I think it is fascinating how big differences there can be depending on which metric you look at. Just goes to show that there is no one size fits all solution, and that you really can squeeze extra perf if you know your application and target hardware. I imagine that if you have some specific fixed length inputs you could do even better
What's problematic about this table is that some of the "quality problems" are just statistical noise. For example it lists quality problems for sha1-160/sha2-224/sha2-256, which should not have any weaknesses that can be detected by a statistical test. Others seem to be implementation limitations, not flaws in the algorithm itself (e.g. blake3_c's "no 32bit portability").
I wonder if there would be difference in wall-clock time if you ran multiple instances of the hash across multiple threads, would the vectorized ones scale differently than scalar ones? With dynamic clocking and weird execution unit arrangements everything is variable
If you enable SMT then you might end up using almost all of your possible aesenc's on one of the two threads (for e.g. ahash or meowhash), so you would observe significantly less than 2x the throughput from running 2 threads on the core. If you don't enable SMT then you should get the same results that SMHasher gets. Workloads that are not mostly made of hashing probably won't suffer from this issue even with SMT enabled.

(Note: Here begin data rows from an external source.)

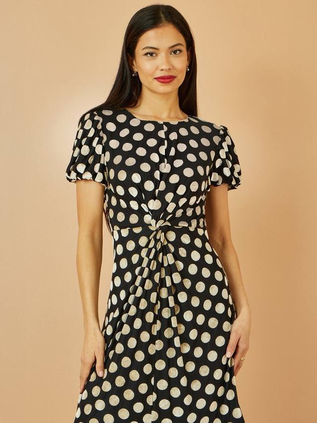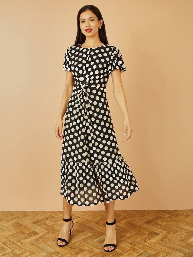 Этот игривый миди с горошком от Yumi легко украсит любое торжественное мероприятие. Продуманный крой с расклешенной юбкой, подкладка и потайная молния обеспечат вам комфорт, а круглый вырез и короткие рукава обеспечат вневременную универсальность.
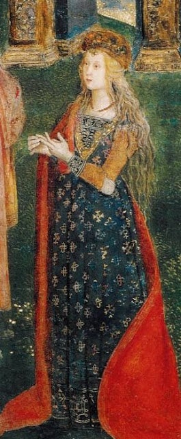 “Disputa de Santa Caterina d’Alexandria. Pintura de Pinturicchio del 1500. La cara de la santa és la de Lucrècia Borja, el turc del cavall és el duc Joan de Borja, de Gandia i dos xiquets són Jofre de Borja i Sanxa d’Aragó, segons alguns estudiosos”
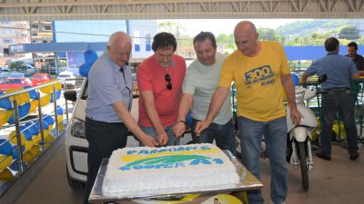A manhã de sábado também ficou marcada por um momento muito especial. Além do encerramento da “PROMOÇÃO 300 MIL EM PRÊMIOS PARA COMEMORAR 85 ANOS COM VOCÊ”, os clientes, cooperados e colaboradores participaram do corte do bolo alusivo ao aniversário da cooperativa, realizado pelos diretores da Cooper A1.
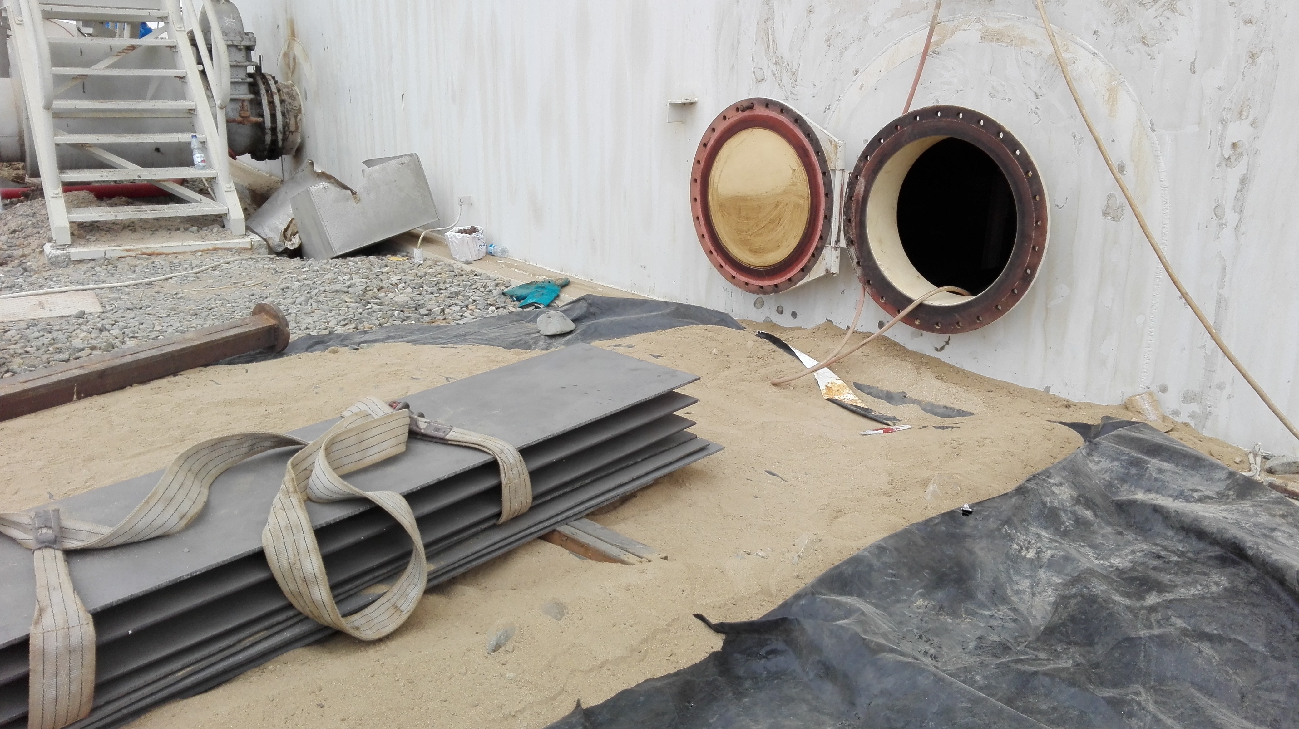The storage tank was put out of service, emptied and de-sludged. Then, our job was divided in the following steps:
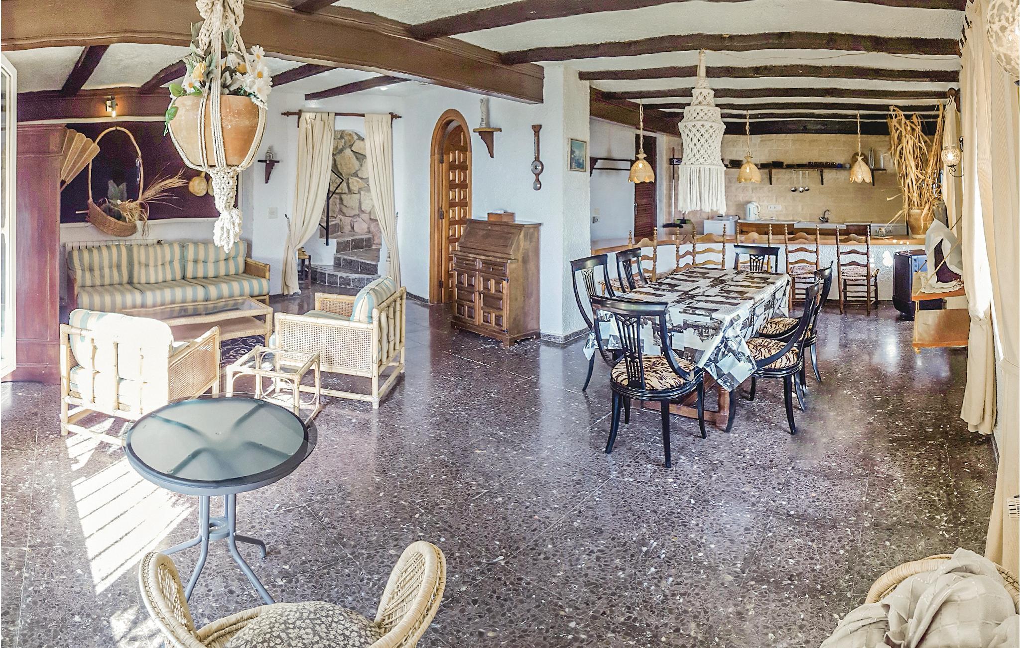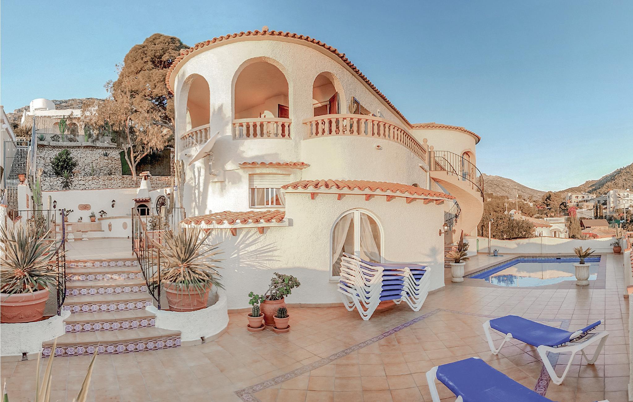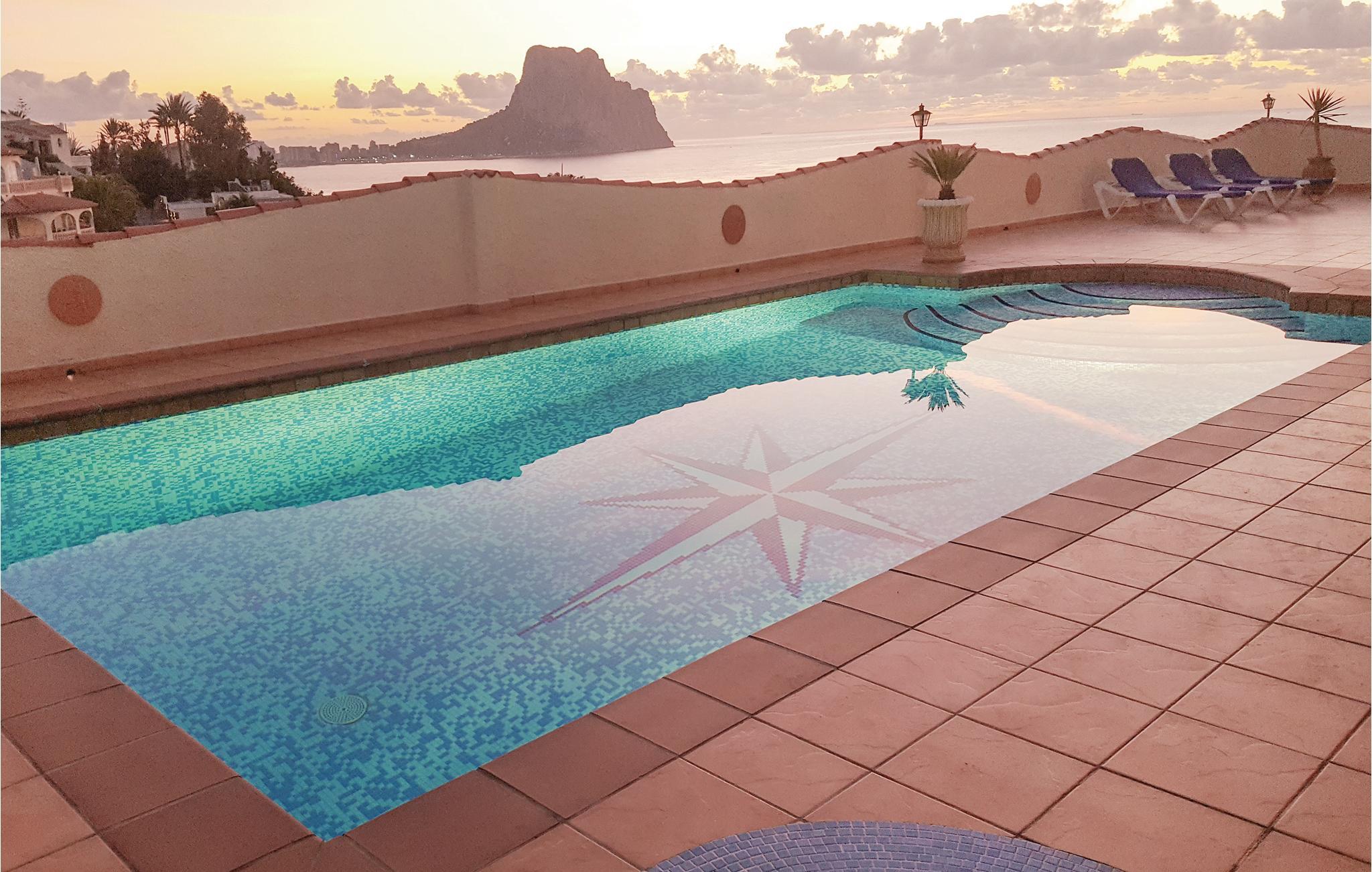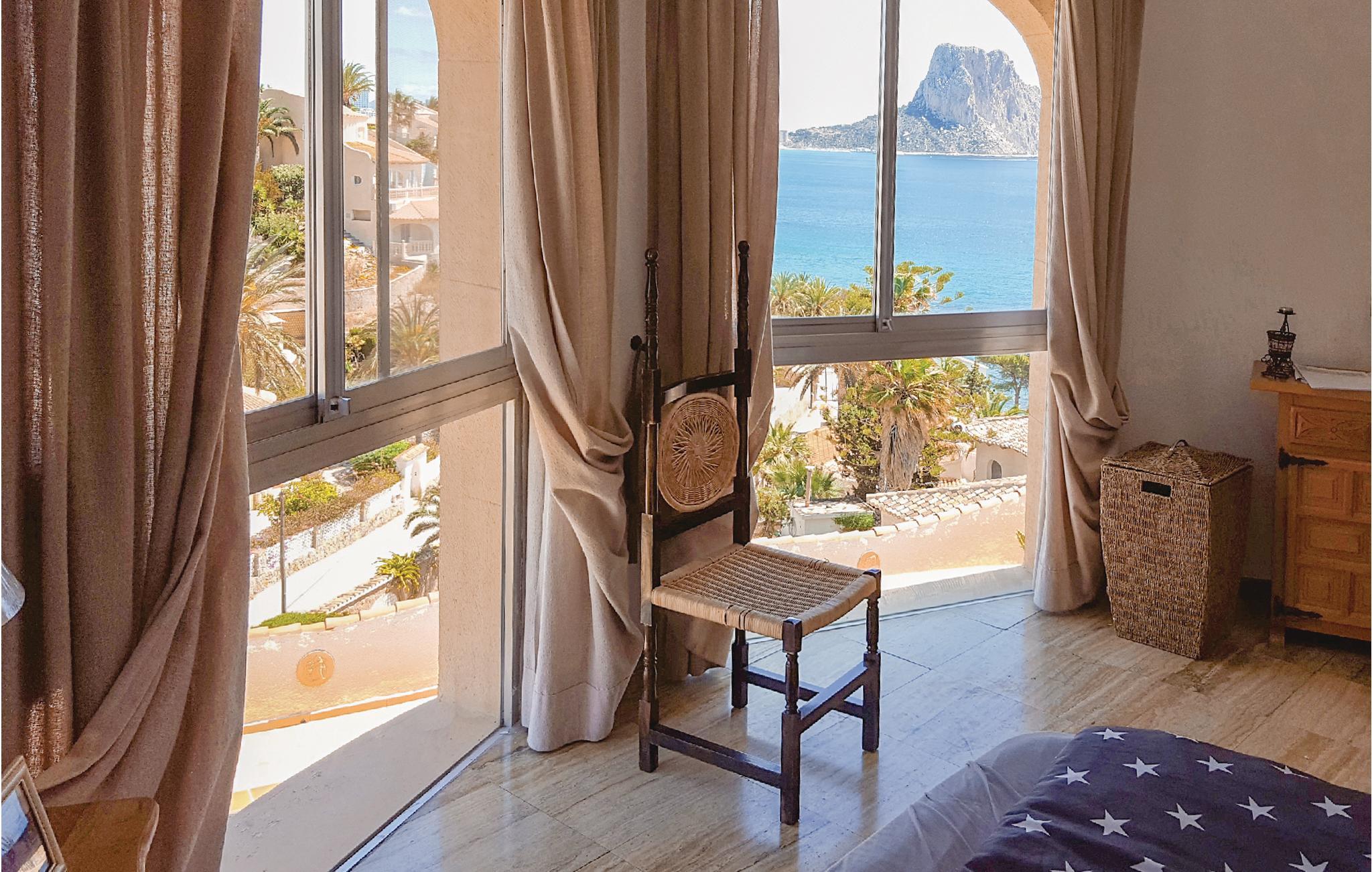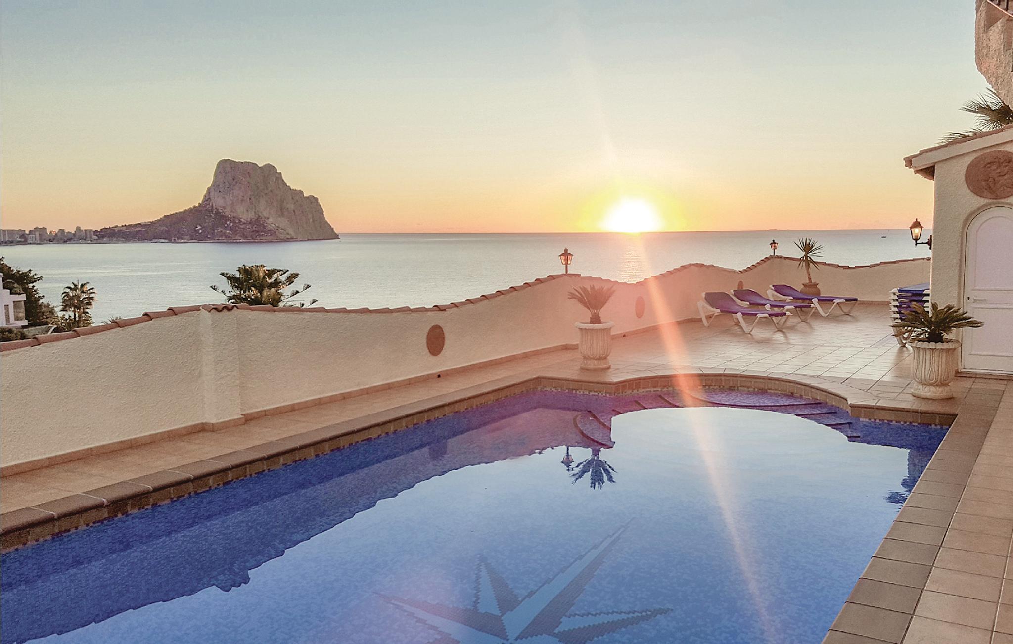 Nyd den fabelagtige panoramaudsigt ud over havet og Penon de Ifach fra dette store hus, som ligger på en rolig, blind vej i Maryvilla. Det består af separate boliger, hvilket også gør huset attraktivt for flere familier, der holder ferie sammen. På 1. sal finder I tre soverum, et bad, et køkken og en stue. Stueetagen, der ligger i niveau med swimmingpoolen, rummer to boligenheder med hver et soverum, en stue, et bad og et køkken. Kælderetagen består af to soverum, et bad samt et køkken i åben forbindelse med stuen. Huset er hyggeligt og rustikt indrettet. Ved den skønne swimmingpool er der rigelig plads, hvor I kan solbade samt et hyggeligt hjørne, hvor I kan nyde de fælles grillaftener. Der er gode tennisbaner i umiddelbar nærhed, og den nærmeste golfplads ligger blot 1.5 km. væk fra huset. Der tilbydes forskellige sejlture fra havnen i Calpe, og om aftenen afholdes der fiskeaktioner på havnen. Og sidst men ikke mindst er fiskerestauranterne ved havnen selvfølgelig også altid et besøg værd. Smag også på den spanske nationalret paella. Calpe har en meget fin sandstrand, men nogle steder er der dog også klipper, som I skal være opmærksomme på. Derudover er det oplagt at se det spændende saltmine-naturreservatet i området og at tage på ture rundt i hele Costa Blanca-regionen. I januar og februar - når Mellemeuropa er sneklædt - blomstrer mandel- og appelsintræerne i Costa Blanca, så på denne tid af året er det bestemt også værd at besøge regionen.

This is really good!! Thanks! The security discussion is particularly interesting, I thought it was the randomization of the initial state of the hash functions which mitigated the hash table collision attacks in the popular programming languages.
I am interested in finding a hash function that helps me fill an array in a more compact way, without too many empty spaces. I.E. if I have 10k words to hash I don't want to use a 20k array.
This may be more about the indexing strategy than the hash function. Meaning: once we have the hash(es), how do we decide what index to use for the key?
Open-addressing schemes like linear probing, quadratic probing, certain variants of Robinhood hashing (which is kind of on a different axis anyway) commonly have 50–70% expected space efficiency. Performance is bad above 90%.
But Cuckoo hash tables can get above 90% with great lookup performance (non-amortized constant time) and decent insert performance. Insert performance tends to suffer closer to 100%.
Whether or not cuckoo hash tables qualify as “open addressing” will depend on the implementation, but the main point is that the addressing/indexing strategy mainly determines the operable “load factor” of the hash table.
This is a great article on open addressing schemes (including cuckoo):
The choice depends on your circumstances. If you have 10K arbitrary words and want a 50% chance of collision then using a good hash means you'll need 20K entries (assuming you aren't using chaining).
You are thinking of a different calculation. I was referring to the average number of probes needed to find an unused slot, not the number needed to have a very low chance of collision for the 10,000 elements in the hash table.
If the slot is already unused, then only one probe is needed. If the slot is used, then either you have a match or you need to test the next slot(s). With 50% of the slots occupied and 50% free, you should expect 1 + 0.5 + 0.25 + ... = 2.0 probes until you find an empty slot.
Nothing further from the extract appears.